Le plus dur coup porté à M. Mulcair est venu d'un autre dirigeant syndical, Hassan Yussuff, président du Congrès du travail du Canada, qui lui a carrément tourné le dos. « Je lui ai dit : "Je ne sais pas pourquoi tu penses que tu devrais diriger le parti en 2019" », a déclaré M. Yussuff il y a quelques jours à La Presse Canadienne.

M. Mulcair peut, officiellement, compter sur l'appui de grandes organisations syndicales, comme le Syndicat canadien de la fonction publique (SCFP), le syndicat des Métallos et les Travailleurs et travailleuses unis de l'alimentation et du commerce (TUAC Canada), mais une fois dans l'isoloir, chaque militant, qu'il soit lié à un syndicat ou à une association de circonscription, votera selon sa conscience.

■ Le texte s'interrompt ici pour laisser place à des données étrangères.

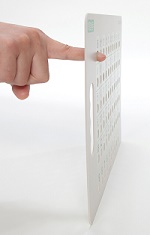 | 「フィンガーボード」の素材には、ポリプロピレン シート(樹脂板)を使用しています。 ポリプロピレンシートは、軽くて衝撃に強く剛性・耐水性・耐薬品性に優れ、手触りが滑らかで使い易い 素材です。落としても割れたり欠けたりはしません。 また、ポリプロピレンは有害物質を一切含んでいない為、食器容器としても使用できるなど、衛生的で 無害な環境に優しい大手樹脂メーカーの製品です。 |

Officiellement, M. Mulcair jouit aussi de l'appui des députés du Québec, mais cet appui n'est pas unanime. Parmi les députés battus en octobre, et parmi leurs partisans, plusieurs voix se sont élevées, publiquement ou anonymement, pour réclamer son départ

Il est possible que M. Mulcair décroche 70 % des voix et décide de s'accrocher, mais rien ne dit, loin de là, qu'il sera encore en poste à l'automne 2019.